El pastor despertó al borde de ese jardín maligno y al vestirse con su túnica sintió el agujero

negro en su pecho. Reconoció su rebaño desperdigado y al reagruparlo reanudó su marcha

de vuelta al pueblo. Al caminar observaba con indiferencia las cabras flacas que conformaban

su cuadrilla. Anduvo largo rato de regreso a la aldea por las tierras aridas. El atardecer brillaba

fulminante sobre las etapas muertas. Ya no sentía hambre, ni deseo, ni vida, todo parecía

bañado por el mismo esmalte ocre de un misterio silencioso. Sin embargo ese vacío de su

pecho urgía ser restituido.

Al llegar a casa, el pastor recostó su cabeza sobre el arado de madera y cantó una canción

con los ojos cerrados. Una niebla oscura surgió de su pecho mientras la noche nacía.

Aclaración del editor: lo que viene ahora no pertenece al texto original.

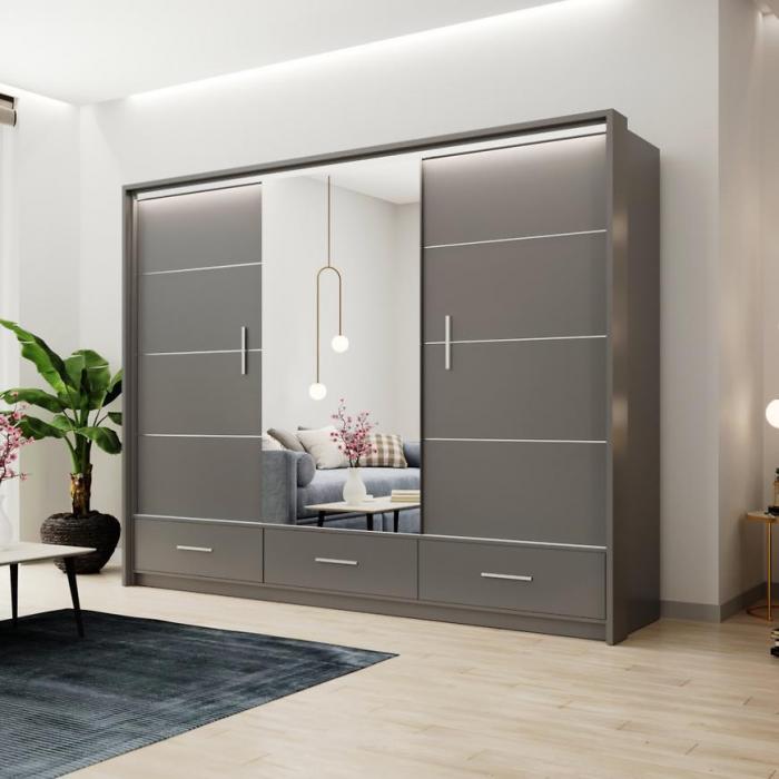 Szafa w kolorze grafit z kolekcji Marsylia to doskonała propozycja do pokoju dziennego, ale znajdzie swoje miejsce również w innym pomieszczeniu, jak na przykład - przedpokój czy garderobie, sypialni. Materiał wykonania to płyta laminowana. Szafa posiada półki, drążek na ubrania oraz szuflady. Dodatkowym atutem jest oświetlenie w zestawie. Duża szafa posiada również lustro, które sprawi, że pomieszczenie stanie się optycznie większe. Szafa będzie świetnym miejscem do wieszania ubrań, na buty lub inne domowe tekstylia. Nowoczesny styl mebli wpadnie do gustu każdemu, kto poszukuje eleganckiego, klasycznego, a zarazem nowoczesnego umeblowania. Idealnie wpasuje się w większość aranżacji. Szafa przeznaczona do samodzielnego montażu.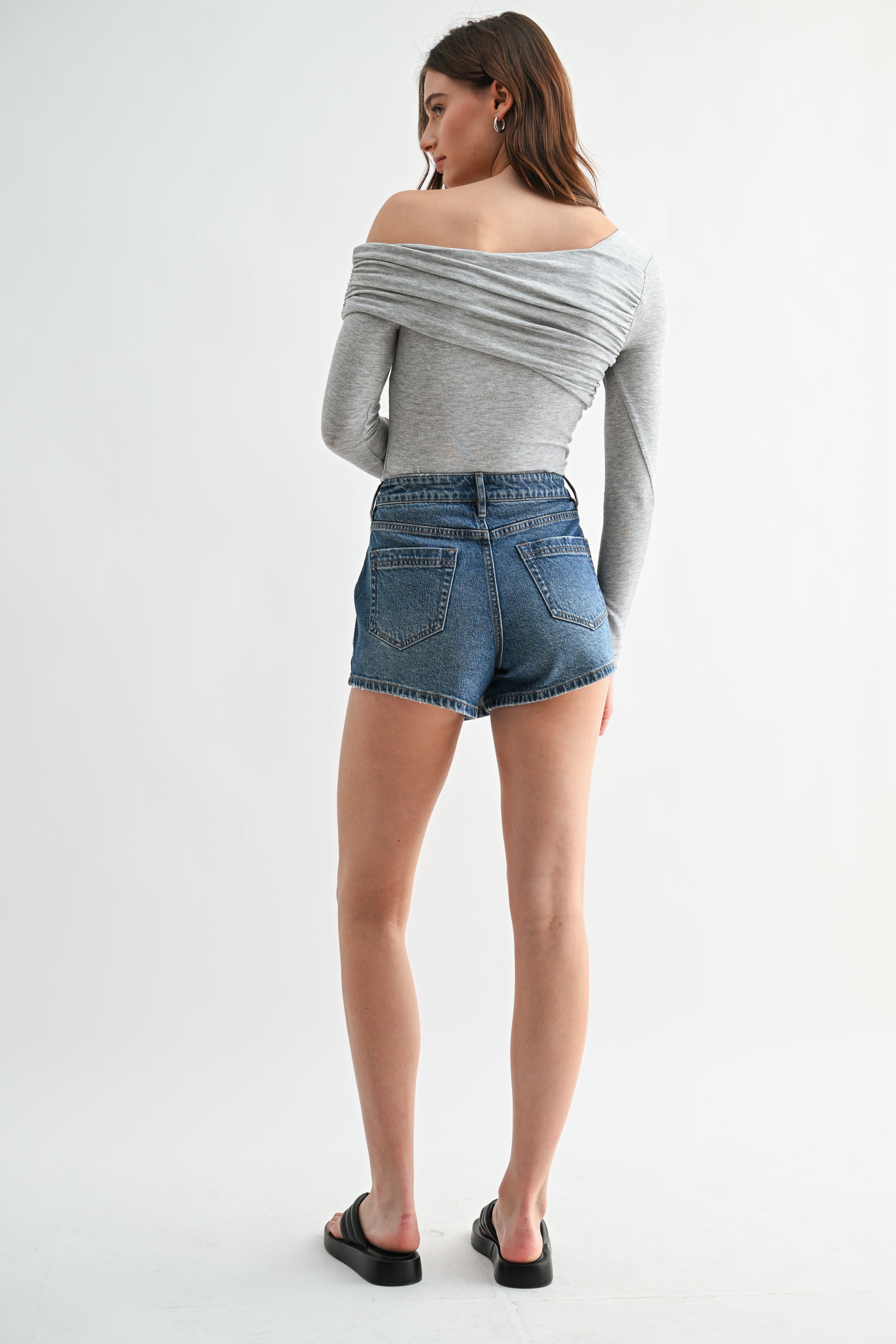 MEASUREMENT: FRONT RISE: 11", INSEAM: 3 1/2", LEG OPENING: 24 3/4"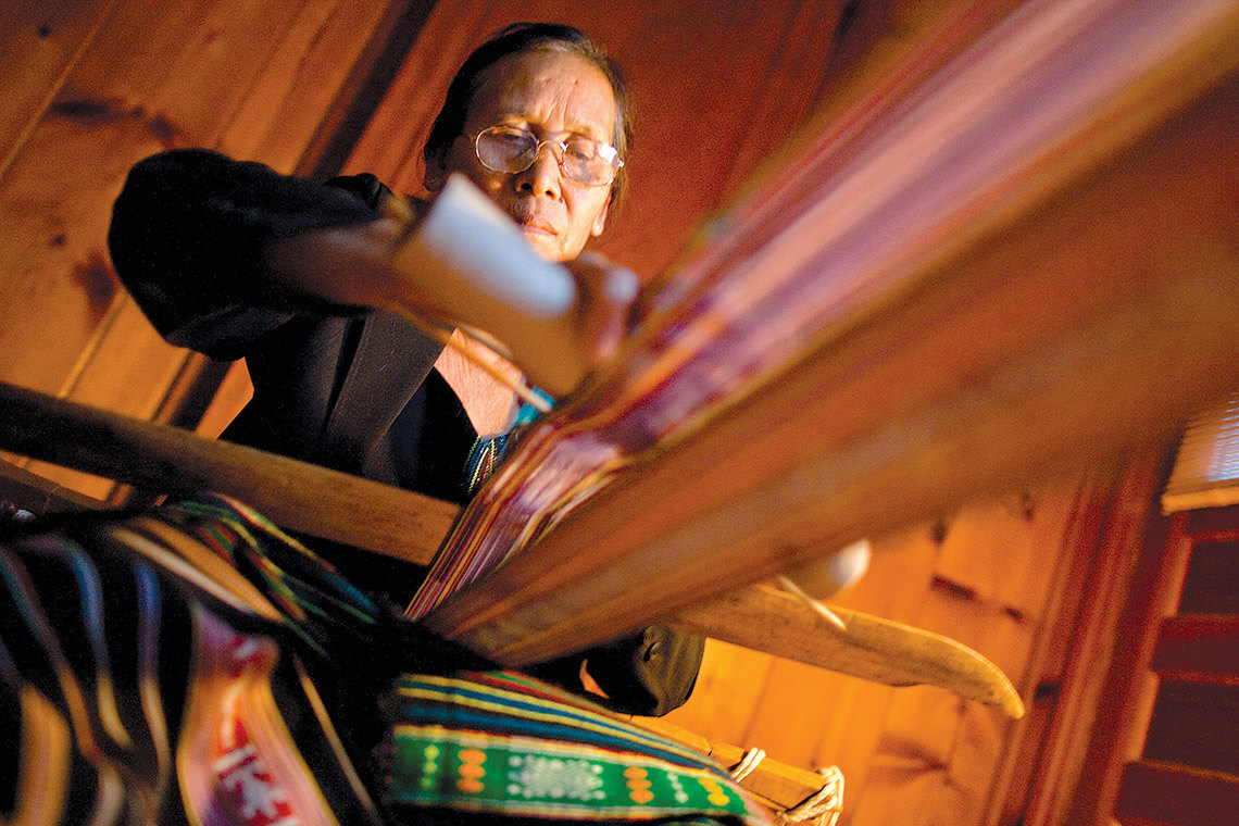 Before she died in 2021, H Ju Nie’s talent for backstrap weaving helped keep the Montagnard tradition alive. On a loom built by her husband, Nie designed intricate blankets, clothing, baby carriers, and bags — each a work of art. photograph by Jerry Wolford

La mujer del pastor hizo un comentario por la manía de las cabras de chupar las piedras a falta

de pasto para entretener el hambre, a pesar de que habían comido. Estas bestiecillas voraces

chupaban las piedras de una forma obscena lengüeteando la punta de las piedras y dándoles

hocico a pasos acompasados. Las cabras chuparon hasta caer dormidas pero el pastor y su

mujer aún hicieron el amor. El pastor no logró conciliar el sueño. Sus pensamientos eran

erráticos entre las visiones de la mujer y el trance paradisiaco de su orgasmo. El placer

rondaba por su mente sin concilio con el calor de la fantasía que crecía en sobreabundancia

en su mente.

A la salida del sol, la mañana siguiente, el pastor se levantó y expuso el agujero de su pecho al

sol naciente. En la tierra desolada mi alma es plenitud, pensó Mateo. De pronto, comenzó a

salir una expansión de nubes de tormenta del pecho de Mateo que rápidamente llenaron el

cielo. A punto que la mujer del pastor despertó, comenzó a llover sobre los llanos.